Assignment
Look below for the line that contains "2、第二个界面是发现,可以在", then copy it and each following line exactly, through and including the line that contains "Le pregunté a".

Supplied records
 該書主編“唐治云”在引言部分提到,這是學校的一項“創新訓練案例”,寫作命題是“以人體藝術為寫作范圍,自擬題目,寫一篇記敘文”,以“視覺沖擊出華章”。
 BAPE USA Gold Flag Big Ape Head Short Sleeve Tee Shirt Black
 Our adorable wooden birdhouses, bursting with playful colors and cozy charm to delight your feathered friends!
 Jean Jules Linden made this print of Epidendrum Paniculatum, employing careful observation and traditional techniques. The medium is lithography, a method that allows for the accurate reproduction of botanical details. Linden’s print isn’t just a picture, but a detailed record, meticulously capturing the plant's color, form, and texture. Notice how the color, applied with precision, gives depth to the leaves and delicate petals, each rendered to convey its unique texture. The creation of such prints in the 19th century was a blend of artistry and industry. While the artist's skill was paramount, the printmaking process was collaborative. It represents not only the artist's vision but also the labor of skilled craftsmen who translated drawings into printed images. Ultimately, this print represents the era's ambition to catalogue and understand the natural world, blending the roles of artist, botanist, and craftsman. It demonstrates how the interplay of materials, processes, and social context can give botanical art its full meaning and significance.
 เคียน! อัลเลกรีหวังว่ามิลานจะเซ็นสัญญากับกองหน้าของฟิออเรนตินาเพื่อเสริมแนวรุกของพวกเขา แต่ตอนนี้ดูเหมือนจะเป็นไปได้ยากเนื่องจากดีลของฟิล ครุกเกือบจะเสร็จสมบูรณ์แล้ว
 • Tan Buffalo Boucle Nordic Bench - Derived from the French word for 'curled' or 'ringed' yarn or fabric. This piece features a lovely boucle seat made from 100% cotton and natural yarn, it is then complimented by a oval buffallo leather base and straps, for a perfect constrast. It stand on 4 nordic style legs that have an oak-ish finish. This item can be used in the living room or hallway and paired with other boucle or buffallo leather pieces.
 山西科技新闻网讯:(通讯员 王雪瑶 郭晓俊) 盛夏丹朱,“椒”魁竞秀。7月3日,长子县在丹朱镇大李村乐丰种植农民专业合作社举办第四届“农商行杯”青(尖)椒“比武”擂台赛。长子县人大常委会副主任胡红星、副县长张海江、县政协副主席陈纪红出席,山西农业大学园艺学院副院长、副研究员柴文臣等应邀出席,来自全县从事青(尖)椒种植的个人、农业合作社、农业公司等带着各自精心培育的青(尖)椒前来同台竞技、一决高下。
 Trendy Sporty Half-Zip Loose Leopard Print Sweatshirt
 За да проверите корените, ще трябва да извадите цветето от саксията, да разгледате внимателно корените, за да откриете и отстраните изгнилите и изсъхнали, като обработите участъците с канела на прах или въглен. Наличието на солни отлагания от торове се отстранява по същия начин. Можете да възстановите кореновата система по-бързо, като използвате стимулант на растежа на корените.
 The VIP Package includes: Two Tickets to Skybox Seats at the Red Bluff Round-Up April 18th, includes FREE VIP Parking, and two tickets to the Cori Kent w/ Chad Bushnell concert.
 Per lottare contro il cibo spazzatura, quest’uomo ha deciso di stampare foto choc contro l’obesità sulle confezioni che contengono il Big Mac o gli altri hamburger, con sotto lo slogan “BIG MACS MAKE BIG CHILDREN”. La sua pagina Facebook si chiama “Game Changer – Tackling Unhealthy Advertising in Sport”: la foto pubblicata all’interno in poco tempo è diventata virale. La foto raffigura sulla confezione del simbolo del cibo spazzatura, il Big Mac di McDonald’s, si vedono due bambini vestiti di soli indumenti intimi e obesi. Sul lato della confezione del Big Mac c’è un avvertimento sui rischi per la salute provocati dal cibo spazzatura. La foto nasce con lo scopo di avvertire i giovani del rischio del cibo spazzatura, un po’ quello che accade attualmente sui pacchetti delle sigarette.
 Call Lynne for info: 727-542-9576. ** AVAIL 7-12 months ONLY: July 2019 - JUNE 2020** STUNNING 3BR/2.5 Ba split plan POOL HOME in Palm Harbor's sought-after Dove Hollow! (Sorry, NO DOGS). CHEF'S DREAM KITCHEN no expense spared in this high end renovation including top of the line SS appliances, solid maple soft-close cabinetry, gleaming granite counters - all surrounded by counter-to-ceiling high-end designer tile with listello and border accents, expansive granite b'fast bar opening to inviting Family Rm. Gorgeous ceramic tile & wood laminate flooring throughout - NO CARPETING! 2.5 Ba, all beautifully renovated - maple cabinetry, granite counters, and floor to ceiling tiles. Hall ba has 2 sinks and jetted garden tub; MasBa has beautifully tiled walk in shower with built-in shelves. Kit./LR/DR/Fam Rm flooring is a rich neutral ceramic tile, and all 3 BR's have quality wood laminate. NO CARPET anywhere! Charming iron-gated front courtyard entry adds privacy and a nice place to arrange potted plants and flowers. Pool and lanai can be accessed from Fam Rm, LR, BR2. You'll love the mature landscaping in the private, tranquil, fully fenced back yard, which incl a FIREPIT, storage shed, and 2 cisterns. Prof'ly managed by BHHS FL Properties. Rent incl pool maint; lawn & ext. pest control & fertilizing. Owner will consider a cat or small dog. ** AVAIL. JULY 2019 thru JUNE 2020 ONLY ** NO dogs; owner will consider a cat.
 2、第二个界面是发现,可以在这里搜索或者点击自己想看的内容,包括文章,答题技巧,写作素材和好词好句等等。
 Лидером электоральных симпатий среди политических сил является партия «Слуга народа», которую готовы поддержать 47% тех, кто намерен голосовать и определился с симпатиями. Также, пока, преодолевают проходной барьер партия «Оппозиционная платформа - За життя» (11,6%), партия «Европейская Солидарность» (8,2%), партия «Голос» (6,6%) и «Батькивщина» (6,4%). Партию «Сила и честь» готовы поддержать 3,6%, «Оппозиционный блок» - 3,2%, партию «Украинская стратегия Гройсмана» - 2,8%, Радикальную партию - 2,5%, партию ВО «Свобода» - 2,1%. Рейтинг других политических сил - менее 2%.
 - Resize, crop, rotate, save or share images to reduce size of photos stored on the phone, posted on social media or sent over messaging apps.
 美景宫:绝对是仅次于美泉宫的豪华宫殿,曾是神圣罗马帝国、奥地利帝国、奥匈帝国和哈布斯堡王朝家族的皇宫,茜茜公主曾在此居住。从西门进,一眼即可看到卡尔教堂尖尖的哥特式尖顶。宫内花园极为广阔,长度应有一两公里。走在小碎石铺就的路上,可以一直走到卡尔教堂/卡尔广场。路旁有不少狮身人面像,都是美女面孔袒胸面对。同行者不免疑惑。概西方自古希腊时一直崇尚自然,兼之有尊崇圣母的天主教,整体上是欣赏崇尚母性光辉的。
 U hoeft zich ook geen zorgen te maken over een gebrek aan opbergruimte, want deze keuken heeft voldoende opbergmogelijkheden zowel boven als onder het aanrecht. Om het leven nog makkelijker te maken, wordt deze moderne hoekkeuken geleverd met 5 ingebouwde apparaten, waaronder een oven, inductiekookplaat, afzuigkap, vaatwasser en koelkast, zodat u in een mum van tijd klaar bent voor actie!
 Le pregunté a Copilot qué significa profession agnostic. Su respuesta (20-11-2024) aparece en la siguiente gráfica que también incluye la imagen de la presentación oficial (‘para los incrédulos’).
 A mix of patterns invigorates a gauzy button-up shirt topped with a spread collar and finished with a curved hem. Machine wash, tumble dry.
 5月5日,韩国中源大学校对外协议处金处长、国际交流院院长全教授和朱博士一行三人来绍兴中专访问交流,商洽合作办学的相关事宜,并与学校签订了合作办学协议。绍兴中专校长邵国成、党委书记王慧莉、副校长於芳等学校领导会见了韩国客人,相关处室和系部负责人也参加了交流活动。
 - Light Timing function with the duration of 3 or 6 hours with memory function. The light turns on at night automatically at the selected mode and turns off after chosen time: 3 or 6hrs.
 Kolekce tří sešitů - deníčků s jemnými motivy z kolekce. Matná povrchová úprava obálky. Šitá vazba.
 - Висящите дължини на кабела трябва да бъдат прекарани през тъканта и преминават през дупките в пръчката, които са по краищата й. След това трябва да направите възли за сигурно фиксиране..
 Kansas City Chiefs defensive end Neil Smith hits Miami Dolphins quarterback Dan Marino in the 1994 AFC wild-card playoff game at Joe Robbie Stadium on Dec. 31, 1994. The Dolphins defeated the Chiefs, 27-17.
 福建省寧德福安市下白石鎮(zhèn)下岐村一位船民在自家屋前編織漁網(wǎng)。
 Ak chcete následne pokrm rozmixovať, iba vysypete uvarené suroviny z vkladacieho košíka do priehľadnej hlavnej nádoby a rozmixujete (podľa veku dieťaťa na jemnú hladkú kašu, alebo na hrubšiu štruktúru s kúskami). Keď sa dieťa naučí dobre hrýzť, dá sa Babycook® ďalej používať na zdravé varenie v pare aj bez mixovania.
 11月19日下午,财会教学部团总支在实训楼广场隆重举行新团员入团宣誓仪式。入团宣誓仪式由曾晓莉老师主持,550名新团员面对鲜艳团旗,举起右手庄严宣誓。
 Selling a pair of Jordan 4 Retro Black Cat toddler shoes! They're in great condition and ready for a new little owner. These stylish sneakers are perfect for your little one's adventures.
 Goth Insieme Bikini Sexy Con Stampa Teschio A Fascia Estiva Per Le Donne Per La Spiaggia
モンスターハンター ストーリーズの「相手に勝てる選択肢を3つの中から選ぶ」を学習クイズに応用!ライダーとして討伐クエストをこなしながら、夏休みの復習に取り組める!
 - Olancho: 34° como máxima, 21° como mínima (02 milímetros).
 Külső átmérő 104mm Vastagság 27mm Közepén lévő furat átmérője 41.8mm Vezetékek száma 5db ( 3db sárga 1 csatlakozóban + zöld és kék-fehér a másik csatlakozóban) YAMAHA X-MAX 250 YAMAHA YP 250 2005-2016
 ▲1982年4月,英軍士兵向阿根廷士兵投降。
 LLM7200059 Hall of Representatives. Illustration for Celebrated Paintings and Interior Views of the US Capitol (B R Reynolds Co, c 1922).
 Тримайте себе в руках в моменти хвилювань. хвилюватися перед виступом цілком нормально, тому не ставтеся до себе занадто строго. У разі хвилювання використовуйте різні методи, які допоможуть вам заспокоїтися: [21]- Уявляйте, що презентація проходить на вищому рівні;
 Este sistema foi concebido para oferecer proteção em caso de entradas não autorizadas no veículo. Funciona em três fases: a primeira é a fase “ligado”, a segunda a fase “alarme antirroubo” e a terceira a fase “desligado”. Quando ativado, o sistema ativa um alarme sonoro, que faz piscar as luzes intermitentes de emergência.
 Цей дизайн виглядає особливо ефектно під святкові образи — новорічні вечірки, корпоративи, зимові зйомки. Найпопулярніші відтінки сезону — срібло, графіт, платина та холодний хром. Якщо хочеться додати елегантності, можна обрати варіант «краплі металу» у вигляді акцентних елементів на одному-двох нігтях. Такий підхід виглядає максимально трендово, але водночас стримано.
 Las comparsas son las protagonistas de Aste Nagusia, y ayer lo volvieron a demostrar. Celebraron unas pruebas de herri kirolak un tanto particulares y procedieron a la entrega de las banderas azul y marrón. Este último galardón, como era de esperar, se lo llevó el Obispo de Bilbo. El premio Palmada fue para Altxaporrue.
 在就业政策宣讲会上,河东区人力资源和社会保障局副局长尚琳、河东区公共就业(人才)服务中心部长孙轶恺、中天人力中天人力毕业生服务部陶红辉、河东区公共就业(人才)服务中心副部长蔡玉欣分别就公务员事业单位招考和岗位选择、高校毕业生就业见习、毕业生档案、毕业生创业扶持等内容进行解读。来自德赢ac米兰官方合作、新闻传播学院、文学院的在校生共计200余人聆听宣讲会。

Task answer
 2、第二个界面是发现,可以在这里搜索或者点击自己想看的内容,包括文章,答题技巧,写作素材和好词好句等等。
 Лидером электоральных симпатий среди политических сил является партия «Слуга народа», которую готовы поддержать 47% тех, кто намерен голосовать и определился с симпатиями. Также, пока, преодолевают проходной барьер партия «Оппозиционная платформа - За життя» (11,6%), партия «Европейская Солидарность» (8,2%), партия «Голос» (6,6%) и «Батькивщина» (6,4%). Партию «Сила и честь» готовы поддержать 3,6%, «Оппозиционный блок» - 3,2%, партию «Украинская стратегия Гройсмана» - 2,8%, Радикальную партию - 2,5%, партию ВО «Свобода» - 2,1%. Рейтинг других политических сил - менее 2%.
 - Resize, crop, rotate, save or share images to reduce size of photos stored on the phone, posted on social media or sent over messaging apps.
 美景宫:绝对是仅次于美泉宫的豪华宫殿,曾是神圣罗马帝国、奥地利帝国、奥匈帝国和哈布斯堡王朝家族的皇宫,茜茜公主曾在此居住。从西门进,一眼即可看到卡尔教堂尖尖的哥特式尖顶。宫内花园极为广阔,长度应有一两公里。走在小碎石铺就的路上,可以一直走到卡尔教堂/卡尔广场。路旁有不少狮身人面像,都是美女面孔袒胸面对。同行者不免疑惑。概西方自古希腊时一直崇尚自然,兼之有尊崇圣母的天主教,整体上是欣赏崇尚母性光辉的。
 U hoeft zich ook geen zorgen te maken over een gebrek aan opbergruimte, want deze keuken heeft voldoende opbergmogelijkheden zowel boven als onder het aanrecht. Om het leven nog makkelijker te maken, wordt deze moderne hoekkeuken geleverd met 5 ingebouwde apparaten, waaronder een oven, inductiekookplaat, afzuigkap, vaatwasser en koelkast, zodat u in een mum van tijd klaar bent voor actie!
 Le pregunté a Copilot qué significa profession agnostic. Su respuesta (20-11-2024) aparece en la siguiente gráfica que también incluye la imagen de la presentación oficial (‘para los incrédulos’).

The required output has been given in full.